As a veteran, you have a couple of choices when it comes to home financing. If you served at least 180 days during peacetime or 90 days during wartime, you have the option to secure a VA loan. This loan has many benefits including 100% financing.
Another option you have as a veteran, even if you did serve enough time, is the conventional loan. If you have great credit and a low debt ratio, you may want to consider this option as well.
We look at the differences below.
VA Loans and Their Benefits
As we discussed above, VA loans offer 100% financing for borrowers. You do not have to put any money down on the home itself. The only cash you need at the closing is the money to cover the closing costs and the VA funding fee. However, you can roll those fees into the loan if there’s room in the value. You may come to the closing with no money in hand.

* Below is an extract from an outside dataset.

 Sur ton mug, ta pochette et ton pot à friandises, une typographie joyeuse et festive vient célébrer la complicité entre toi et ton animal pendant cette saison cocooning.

VA loans also have flexible underwriting guidelines. You only need a credit score of 620, and you can have a maximum debt ratio of 43%. The VA puts their main focus on the amount of disposable income you have after you take the new loan. The disposable income is the money left over after you pay your mortgage, credit card bills, installment loans, and student loans. The VA feels if you have adequate disposable income then you won’t have to sacrifice to pay your mortgage. This lowers the risk of default.
Unlike other government-backed loans, the VA does not charge monthly mortgage insurance. This even applies to borrowers that put no money down on the home. Any other loan, including FHA or conventional loans, require some type of mortgage insurance, increasing the cost of your loan.

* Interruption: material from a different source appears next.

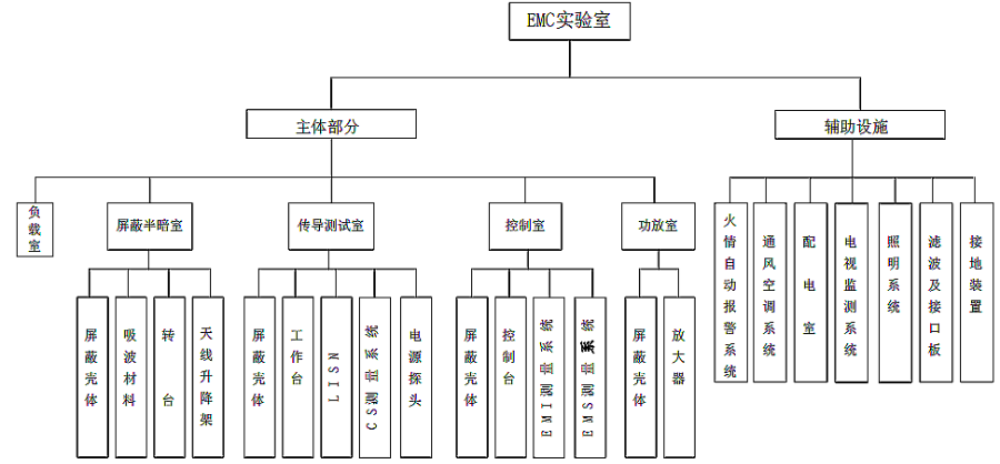 2.EMC实验室功能间:屏蔽室,功放室,整改室,电波暗室,OTA暗室,EMS实验室

Finally, VA loans are assumable. This often helps homeowners that need to sell their home. They can allow a veteran or even a non-veteran to assume the loan if the lender approves them. This can help during times of low demand.
Conventional Loans and Their Benefits
Conventional loans have their benefits as well. If you have the money to put down on the home, you can save on the VA funding fee. Conventional loans don’t have any upfront fees outside of standard closing costs. The VA charges a funding fee of 2.15% on each purchase loan, which can add to the cost of the loan. If you plan to make a down payment, a conventional loan may save you more in the long run.

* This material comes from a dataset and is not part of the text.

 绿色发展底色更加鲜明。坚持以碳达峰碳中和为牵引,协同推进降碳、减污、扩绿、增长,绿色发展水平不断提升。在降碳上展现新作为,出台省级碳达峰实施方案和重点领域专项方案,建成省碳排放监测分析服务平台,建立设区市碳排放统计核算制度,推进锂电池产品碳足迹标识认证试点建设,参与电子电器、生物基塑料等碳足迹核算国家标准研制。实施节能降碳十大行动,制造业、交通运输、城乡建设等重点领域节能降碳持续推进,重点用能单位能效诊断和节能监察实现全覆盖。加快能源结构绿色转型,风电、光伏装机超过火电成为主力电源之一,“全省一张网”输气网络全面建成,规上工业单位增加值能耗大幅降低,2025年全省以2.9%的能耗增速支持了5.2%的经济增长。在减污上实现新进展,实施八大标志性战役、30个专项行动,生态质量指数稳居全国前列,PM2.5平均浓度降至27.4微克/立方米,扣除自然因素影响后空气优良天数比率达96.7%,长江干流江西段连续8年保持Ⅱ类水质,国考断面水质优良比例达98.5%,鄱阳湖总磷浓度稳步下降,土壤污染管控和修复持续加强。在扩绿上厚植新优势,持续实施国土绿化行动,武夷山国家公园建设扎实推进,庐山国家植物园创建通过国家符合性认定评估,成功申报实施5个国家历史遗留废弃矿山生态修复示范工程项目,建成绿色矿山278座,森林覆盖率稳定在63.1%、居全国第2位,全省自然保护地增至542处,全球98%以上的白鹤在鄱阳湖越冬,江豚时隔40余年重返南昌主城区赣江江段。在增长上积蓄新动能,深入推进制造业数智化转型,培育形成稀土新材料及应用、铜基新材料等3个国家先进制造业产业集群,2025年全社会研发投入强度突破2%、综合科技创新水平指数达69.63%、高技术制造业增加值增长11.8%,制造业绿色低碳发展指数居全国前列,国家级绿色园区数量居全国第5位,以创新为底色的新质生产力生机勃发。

Some sellers look more favorably on conventional loans rather than VA loans. Unfortunately, VA loans have misconceptions that follow them even though they are no longer true. Many sellers believe the VA is very hard on appraisals and that they require the seller to cover the buyer’s closing costs. Many sellers refuse to sell a home to a VA borrower to avoid these situations.
What Should You Choose?
Deciding between a conventional loan and VA loan requires you to look closely at your qualifying factors.
- Have at least a 620 credit score
- Have at least 20% to put down on the home
- Plan to either buy the home as an investment or second home
You’ll need a conventional loan. VA loans are strictly for primary homes or the home you will live in. If you have another home, a VA loan will not be a possibility for you.
If, however, you don’t have at least 5% to put down on the home, have a lower credit score than 680, or have a total debt ratio higher than 36%, the VA loan may be the better option.
What it comes down to is determining the extra costs that the loan will entail. If you put less than 20% down on the home, you’ll have to pay PMI on a conventional loan. However, if you take the VA loan, you’ll pay 2.15% of the loan amount in a funding fee. Comparing the total amount of the PMI you would pay to the amount you’d pay for the funding fee will help you determine which loan will make the most sense.
As is the case with any loan, make sure you compare all of your options. Compare the total cost, interest rate, and the cost of interest over the life of the loan. A lender can help you compare the options side-by-side as well so that you make sure you make the most of your money.